I do think the problem with income stocks is not over extension--it's that a rebound will likely take time.
sal
5:33
Afternoon  I know this was a stock we use to cover  TNK  . I still have  some left after   selling way back when. it's an IRA surprisingly its  showing a profit any suggestions .
AvatarElliott Gue
5:33
After nearly a decade, the supply demand balance in the tanker industry is improving due to tanker retirements and increases in seaborne trade. Seasonally you tend to see some weakness into the summer for tanker rates and I think some of the recent rally in names like TNK may have been driven by short covering as some of these names had pretty high short interest in December. I think the recent rally is way ahead of the fundamentals. However, it's a group we're watching and would consider recommending if and when we get something of a pullback from recent levels.
David T.
5:34
Roger,

Just received a nice dividend from Enel (ENLAY).

BUT after the dividend are deductions for foreign taxes - 26% and ADR fees - 20% leaving the stockholder with only 54% of the gross payment.

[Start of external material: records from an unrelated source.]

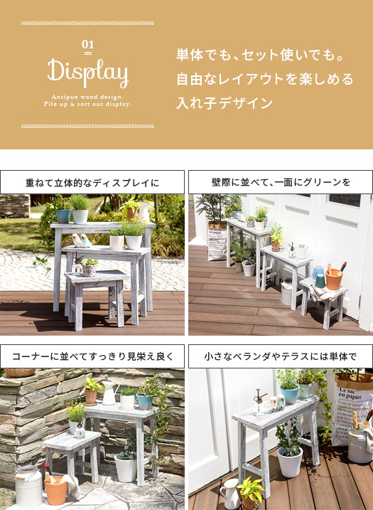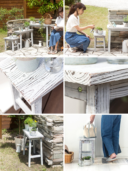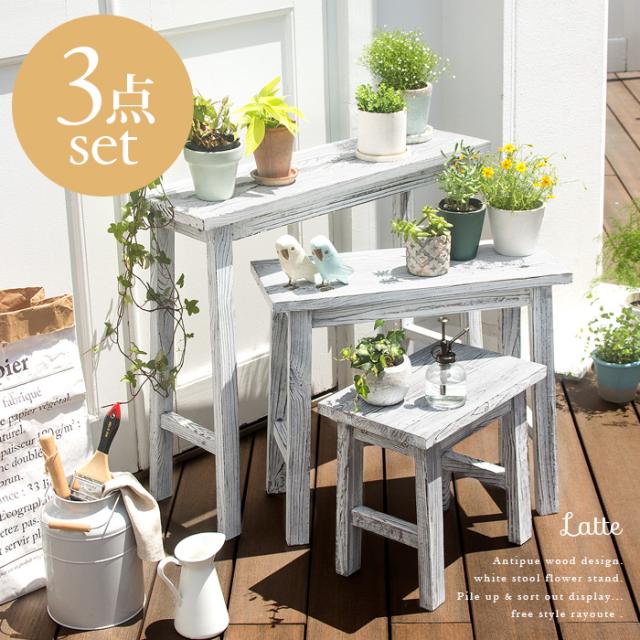 フラワースタンド 花台 ガーデン ガーデニング スタンド スツール 天然木 アンティーク かわいい フレンチ シンプル 北欧 カントリー 庭 バルコニー 屋外 白 スツール型フラワースタンド Latte(ラッテ)3サイズセット
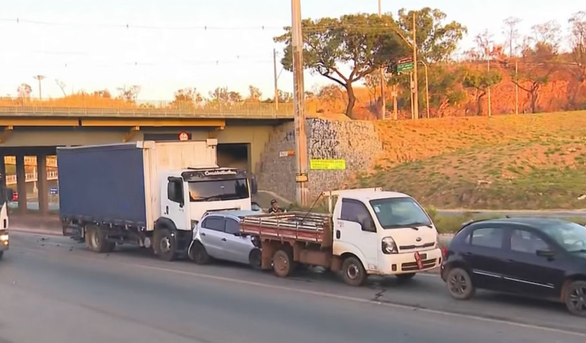 Belo Horizonte, 14 de agosto de 2025 – Um engavetamento envolvendo seis veículos deixou uma mulher ferida na manhã desta quinta-feira no Anel Rodoviário, sentido Vitória, na altura do bairro Caiçara, região Noroeste de Belo Horizonte.
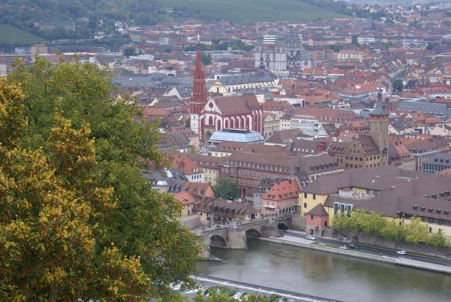 Immer wieder schöne herbstliche Ausblicke auf Würzburg.
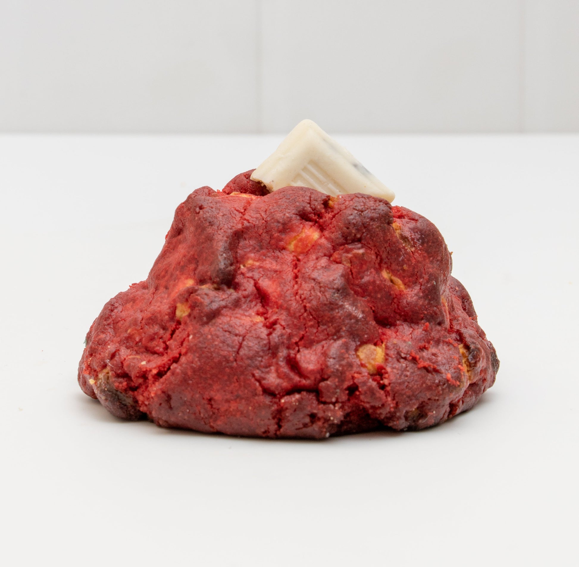 Galleta red velvet con chispas de chocolate blanco y relleno de cheesecake.
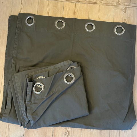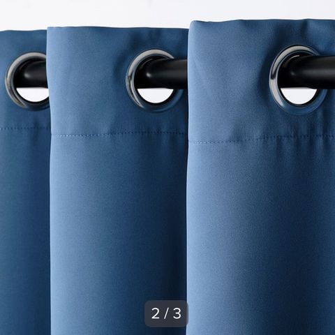 Gardin, b: 140 h: 170, 2 Mørkeblå/sorte gardiner med 8 ringe.Mål: 140x170cm
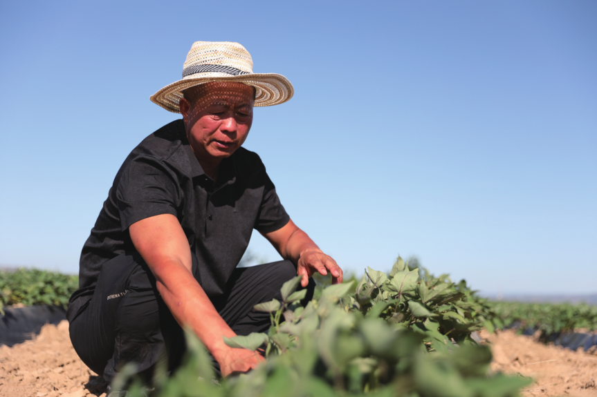 秋日正午的阳光依然火辣辣的,茂密的红薯叶铺满了田地。孙科蹲下身,拨开红薯叶,伸手压了压地膜,感受土壤的软硬与干湿。

Then consider paying US taxes on the Gross dividend, only recouping a part of the foreign taxes, and not being able to deduct the Management Fee, doesn't seem a viable investment strategy - the stock price is slightly down during my holding period. Comments please.
AvatarRoger Conrad
5:34
Hi David. I'm not sure about your math here--for one thing Enel SpA is not an MLP, so you're only going to pay tax on the dividend you receive. Also, even if you use your math, from the current yield you're going to get about the same yield as the Dow Jones Utility Average. Second, the dividend is important here, but it's far from the only catalyst for the total return. The real play in my view is this company continues to successfully execute its strategy including cutting debt and raising dividends, and the stock benefits from a return to favor in emerging markets, in which it's a major player. It's been a major underperformer the past couple years. But from a severely discounted valuation of 10X expected next 12 months earnings, expectations won't be hard to beat. I still think it's a good shot for patient, risk tolerant investors.